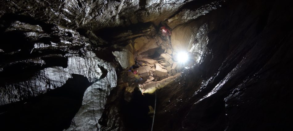 Et c’est pas fini au bas de ce superbe puits! Pendant que les 2 topos poursuivent leurs relevés, Léo et moi poursuivons en utilisant au max la longueur de la corde et son élasticité pour descendre un ressaut d’environ 8m et en désescalade une fois la corde lachée!
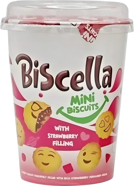 Biscella Mini Biscuits with Strawberry Filling 6 Pack (125g x 6) | Halal Certified, Crispy Biscuits with Sweet Strawberry Cream
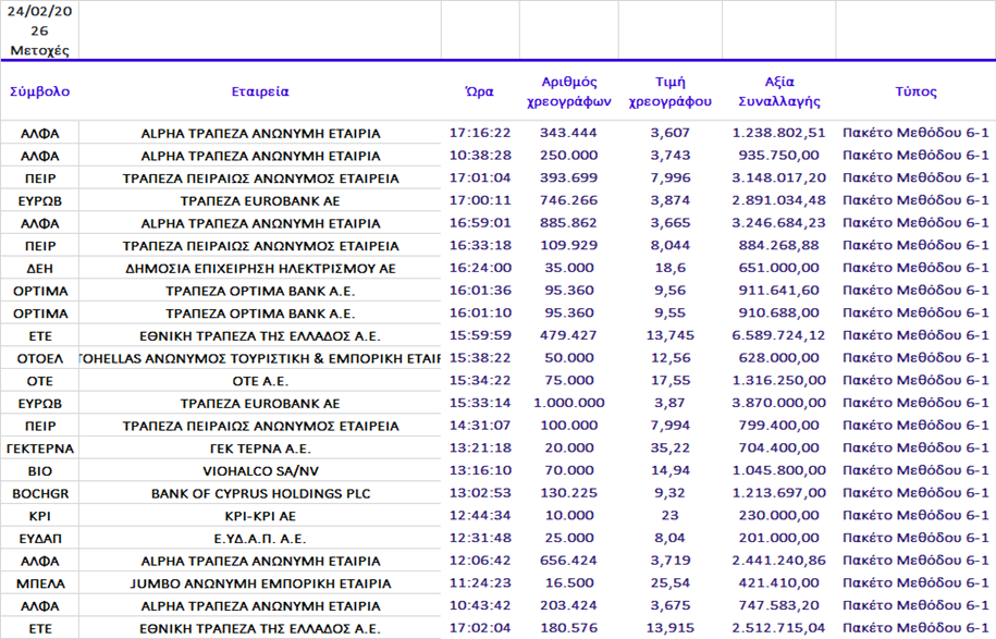 αντίδραση στο Χ.Α., με τον ΓΔ να διαμορφώνεται τελικά στις
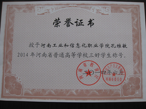 在2014年河南省普通高等学校三好学生、优秀学生干部和先进班集体评选活动中,我院严格按照《河南省教育厅共青团河南省委员会关于评选表彰2014年河南省普通高等学校三好学生、优秀学生干部和先进班集体的通知》(教学〔2014〕135号)要求,经各系初评、学院公示和推荐,河南省教育厅、共青团河南省委员会评审,我院建筑工程系学生孔维敏荣获“2014年河南省普通高等学校三好学生”荣誉称号。
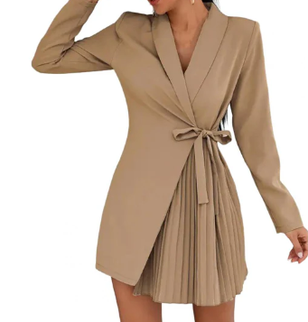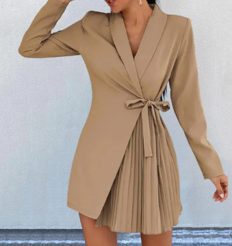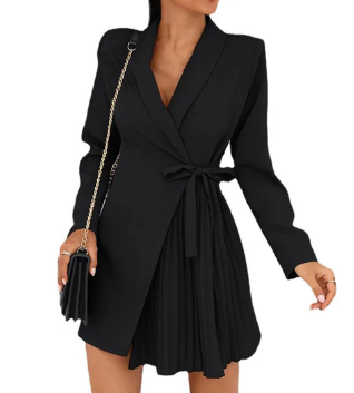 De Aurora, effen blazerjurk met V-hals en revers is een elegante keuze voor elke gelegenheid. Deze jurk combineert een klassiek design met moderne elementen en heeft een flatterende pasvorm. De diepe V-hals en revers geven de jurk een verfijnde touch, terwijl het effen design tijdloze elegantie uitstraalt. Perfect voor formele gelegenheden en stijlvolle optredens.
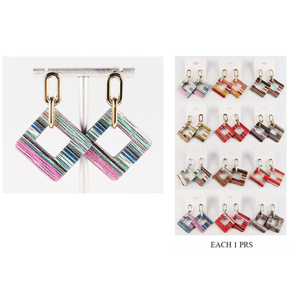 Details • Size : 1.8" X 2.6" • Post Back • These striped square link dangle earrings feature a geometric open-square design paired with bold metallic links. Their artistic striped finish adds a playful yet modern flair, making them a standout accessory for elevating both casual and statement fashion looks effortlessly.

-----

> AIM OF THE EXERCISE: Copy verbatim the span that opens at the line with "αντίδραση στο Χ.Α., με" and closes at the final line of the listing. Do not carry over any pictures.

> ANSWER BOX:
 αντίδραση στο Χ.Α., με τον ΓΔ να διαμορφώνεται τελικά στις
 在2014年河南省普通高等学校三好学生、优秀学生干部和先进班集体评选活动中,我院严格按照《河南省教育厅共青团河南省委员会关于评选表彰2014年河南省普通高等学校三好学生、优秀学生干部和先进班集体的通知》(教学〔2014〕135号)要求,经各系初评、学院公示和推荐,河南省教育厅、共青团河南省委员会评审,我院建筑工程系学生孔维敏荣获“2014年河南省普通高等学校三好学生”荣誉称号。
 De Aurora, effen blazerjurk met V-hals en revers is een elegante keuze voor elke gelegenheid. Deze jurk combineert een klassiek design met moderne elementen en heeft een flatterende pasvorm. De diepe V-hals en revers geven de jurk een verfijnde touch, terwijl het effen design tijdloze elegantie uitstraalt. Perfect voor formele gelegenheden en stijlvolle optredens.
 Details • Size : 1.8" X 2.6" • Post Back • These striped square link dangle earrings feature a geometric open-square design paired with bold metallic links. Their artistic striped finish adds a playful yet modern flair, making them a standout accessory for elevating both casual and statement fashion looks effortlessly.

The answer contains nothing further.